A note: for example, for those interested, one of the possible ways of calculating both series from UPDATE III and UPDATE IV is based on building a system of relations with the two series by exploiting $\displaystyle \int_0^1 x^{n-1} \log^2(1-x)\textrm{d}x=\frac{H_n^2+H_n^{(2)}}{n}$ and $\displaystyle \sum_{n=1}^{\infty} x^n(H_n^2-H_n^{(2)})=\frac{\log^2(1-x)}{1-x}$. Apart from this, the series from UPDATE III allows at least a (very) elegant approach by using different means.
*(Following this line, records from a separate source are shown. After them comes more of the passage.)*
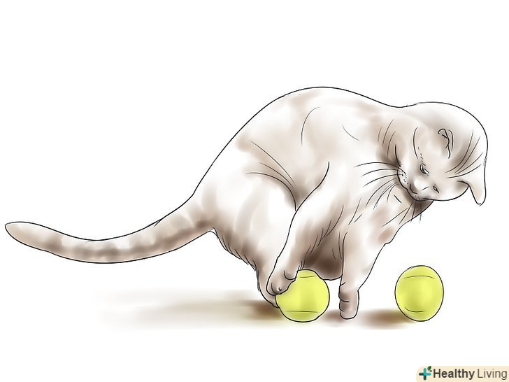 Розважайте і забезпечте вихованців за допомогою старих тенісних м'ячів. можна знайти величезну кількість способів застосування тенісних м'ячів, коли ви маєте справу з тваринами. Тільки переконайтеся в тому, що порваний м'яч не застрягне в зубах, шкірі, хутрі або інших частинах тіла вашого вихованця. Якщо це можливо, краще використовуйте половинки м'яча або цілий м'яч. Ось кілька ідей для початку:- Використовуйте тенісні м'ячі як іграшку для вашої собаки або кішки. Існує стільки всього, що ви можете зробити з м'ячами: кидати їх і катати, щоб пограти з вашим вихованцем, або ж використовувати в якості безпечних маркерів для залучення уваги тварини.
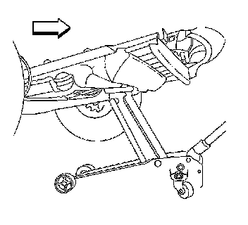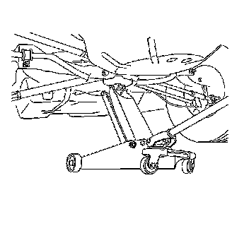 Lift the rear of the vehicle by placing the floor jack lift pad at the center of the rear suspension.
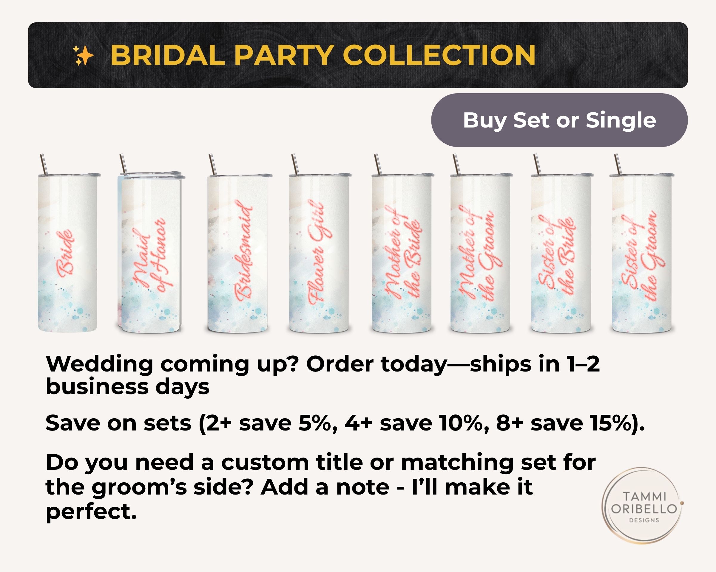 A pretty pastel flower watercolor design with coordinated script creates a timeless bridal party gift. Choose any role (Bridesmaid, Maid of Honor, Flower Girl, Moms, Sisters) as single cups or build a matching set. Add a name to make it personal and wedding-day ready.
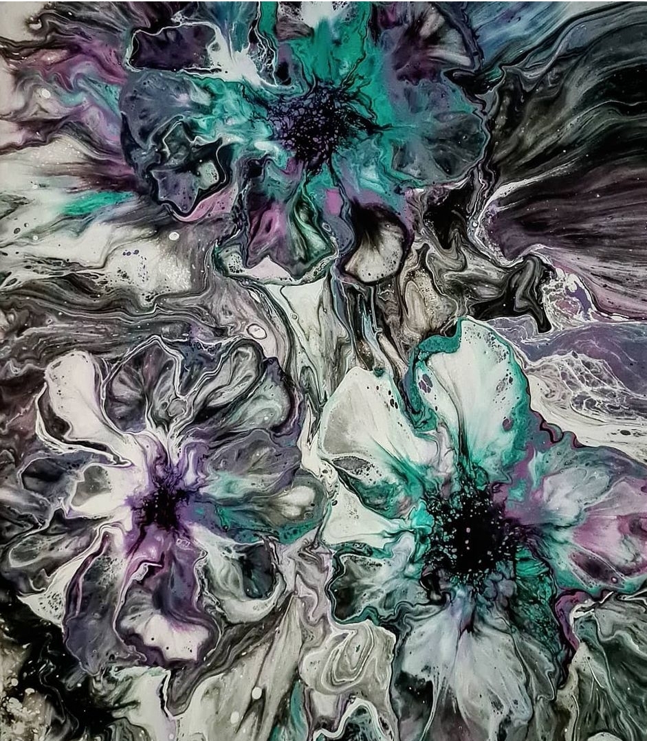 Acrylic dutch pour on canvas. Finished with resin glass.

Using the first series we may obtain (based on the series representation of $\log(1-x)\log(1+x)$ and the integral $\int_0^1 x^{n-1}\operatorname{Li}_2(x)\textrm{d}x$) a way for proving that $$\int_0^1 \frac{\operatorname{Li}_2(x) \log (1+x) \log (1-x)}{x} \textrm{d}x=\frac{29 }{64}\zeta (5)-\frac{5 }{8}\zeta (2) \zeta (3).$$
Then, based on the solution below and using the alternating harmonic series in the book, (Almost) Impossible Integrals, Sums, and Series, we have
$$\int_0^1 \frac{\operatorname{Li}_2(-x) \log (1+x) \log (1-x)}{x} \textrm{d}x$$ $$=\frac{5 }{16}\zeta (2) \zeta (3)+\frac{123 }{32}\zeta (5)+\frac{2}{3} \log ^3(2)\zeta (2)-\frac{7}{4} \log ^2(2)\zeta (3)-\frac{2}{15}\log ^5(2)\\-4 \log (2)\operatorname{Li}_4\left(\frac{1}{2}\right)-4 \operatorname{Li}_5\left(\frac{1}{2}\right).$$ And if we add up the two previous integrals, we get $$\int_0^1 \frac{\operatorname{Li}_2(x^2) \log (1+x) \log (1-x)}{x} \textrm{d}x$$ $$=\frac{275}{32}\zeta (5)-\frac{5 }{8}\zeta (2) \zeta (3)+\frac{4}{3} \log ^3(2)\zeta (2)-\frac{7}{2} \log ^2(2)\zeta (3)-\frac{4}{15}\log ^5(2)\\-8 \log (2)\operatorname{Li}_4\left(\frac{1}{2}\right)-8 \operatorname{Li}_5\left(\frac{1}{2}\right).$$ Update (integrals): Another curious integral arising during the calculations $$\int_0^1 \frac{x \log (x) \log(1-x^2) \operatorname{Li}_2(x)}{1-x^2} \textrm{d}x=\frac{41 }{32}\zeta (2) \zeta (3)-\frac{269 }{128}\zeta (5).$$
QUESTION: Have these series ever been known in literature? I'm not interested in solutions but only if the series appear anywhere in the literature.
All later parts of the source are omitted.